To transform those aspects of your culture that are counter to the values of the organization and not supportive of its mission, it is important to understand why they exist in the first place and why these negative characteristics of the culture tend to flourish sometimes despite their obvious conflict with what it takes for the organization to flourish. I’d like you to consider that in most cases, the reason for this is not necessarily because the boss happens to be a dictator, benevolent or otherwise, and is nudging the organization in the wrong direction. In most cases, it’s also not that the organization is completely void of members who are actively working to right the ship. The fact is, no dictator or activist has ever been able to accomplish anything of substance in the right or wrong direction without the consent of a significant number of people who were freely willing to follow their lead.
So, while leadership certainly has a role to play in shaping the culture, the most important question to ask first is, “Why do we—not they—tolerate behaviors that are clearly wrong?”
My answer is that most of us don’t think what we do matters in the grand scheme, and, heck, some of us behave as if our actions don’t even exist unless they directly impact hundreds or thousands of people. While it is true that, with the exception of the few people in the inner circle of top decision makers, none of us can unilaterally affect sweeping change in our organizations or communities, what we are wholly responsible for is unconsciously permitting, and therefore promoting, the culture where wrongs are allowed to take place.
One reason that we are often oblivious to this happening is that it is a gradual process that creeps up on us, and another reason is that we naturally tend to be focused only on consequences that are immediate and personal. This is what is referred to as “death from a thousand cuts,” or “boiling the frog;” the story goes that if you put a frog into comfortably warm water and increase the temperature slowly enough, it won’t notice anything is wrong or try to escape until it is already frog soup. The same goes for people, figuratively speaking. Unless we are on the lookout for little things that we let slip by, we don’t end up waking up to our own contribution to the bigger problem until we encounter the gross and intolerable consequences of allowing a certain culture to come about or continue to exist. These consequential moments then magnify, in retrospect, the effects of behaviors that we didn’t consider to be counter-productive at the time, and may have even considered to have been “right” before.

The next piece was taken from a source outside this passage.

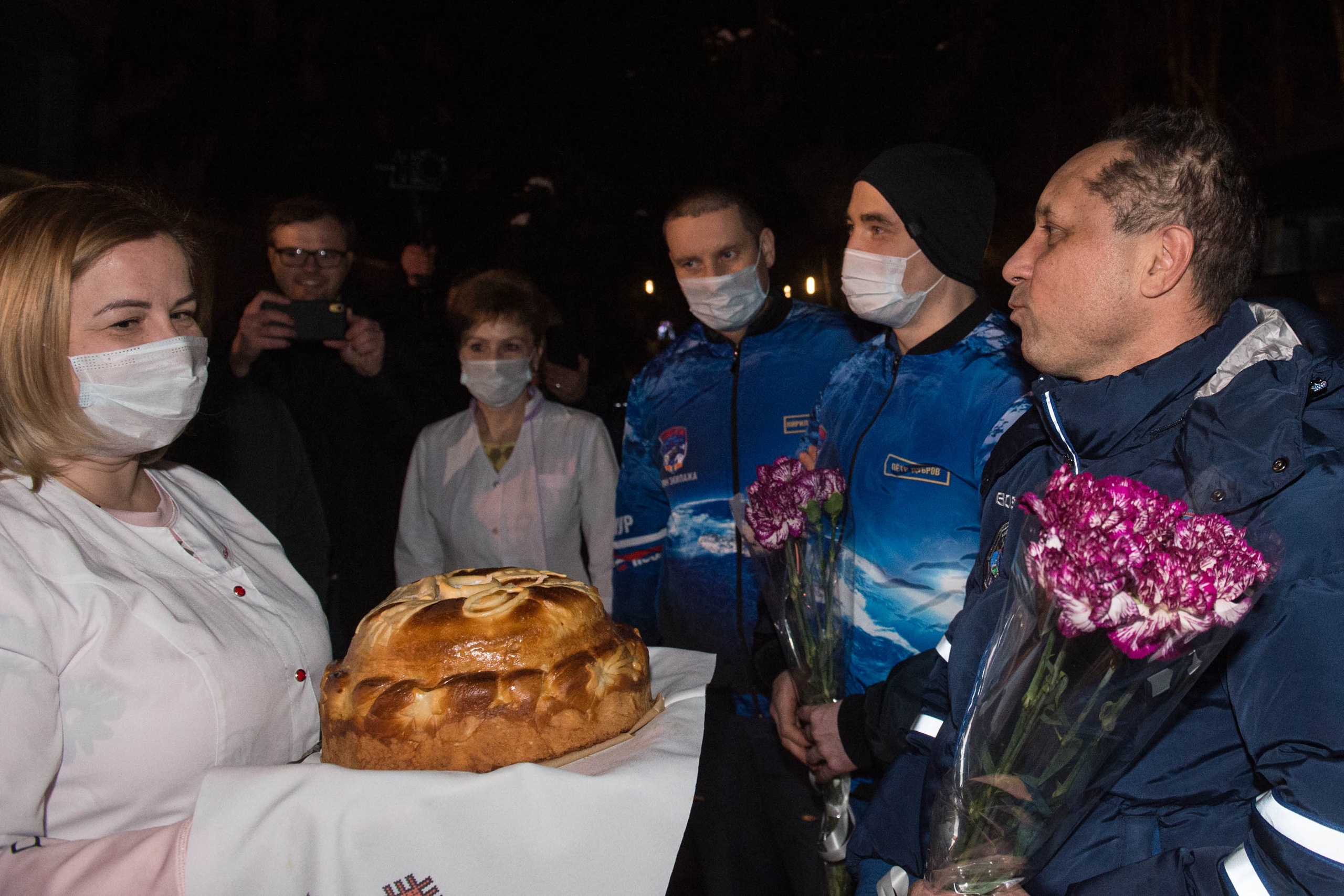 В ночь с 30 на 31 марта 2022 года космонавты Антон Шкаплеров и Петр Дубров прибыли в Звездный городок. Их встречали руководители и сотрудники ЦПК, представители Роскосмоса и РКК «Энергия», родные и друзья.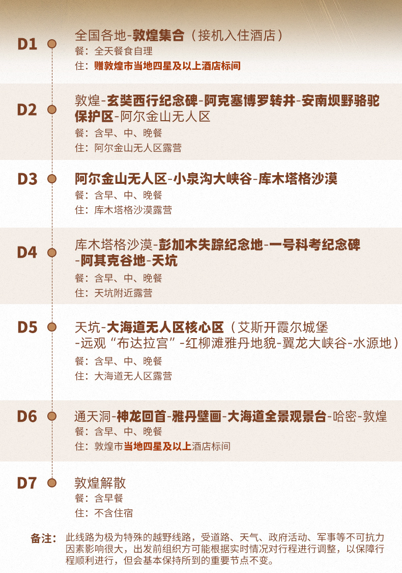 (1)此线路为极为特殊的越野线路,受道路、天气、政府活动、军事等不可抗力因素影响很大,出发前组织方可能根据实时情况对行程进行调整,以保障行程顺利进行,但会基本保持所到的重要节点不变;

Of course, by the time this realization comes, it is too late and the damage has been done. After this realization, since we can’t change the past, we all have a choice to make: Do I take responsibility for my actions and where they led and strive to prevent the same thing from happening in the future, or do I go out and look for excuses and scapegoats to absolve me of my responsibility to change myself so that I don’t contribute to similar situations in the future? Unfortunately, because it isn’t always easy to take responsibility for our past mistakes, many of us end up choosing the latter option of attempting to justify ourselves to ourselves, which is roughly equivalent to the frog arguing that he always intended to be boiled alive anyway thank you very much. In the extreme cases, this process continues until we reach a point where everything is someone else’s fault and no act is too horrible or deplorable to defend so long as it allows us to avoid responsibility for our own shortcomings.
Let me demonstrate my point by using an extreme example from the era of the Civil Rights movement. (If anyone has misgivings about exposing themselves to instances of exceptional violence or cruelty, I would advise them to skip the next paragraph. The following paragraph contains a concise description of an event that readers may rightly find disturbing).
Just the other day, I saw a post about the story of a 16 year old boy who had been lynched by a mob and burned alive in the 60’s. The pictures showed the charred body of the young man and a few bystanders who were clearly amused and perhaps even proud, smiling and pointing as if this was great entertainment. I’m sure that I don’t have to specify that the victim in question was black, and his assailants were white, but in any case, that isn’t the important part. What is important is that a group of people, who were most likely not otherwise inclined to kill, felt it was justified or even commendable to take someone else’s life in such a horrifically painful way because they came from a culture where such behavior was permitted or even lauded.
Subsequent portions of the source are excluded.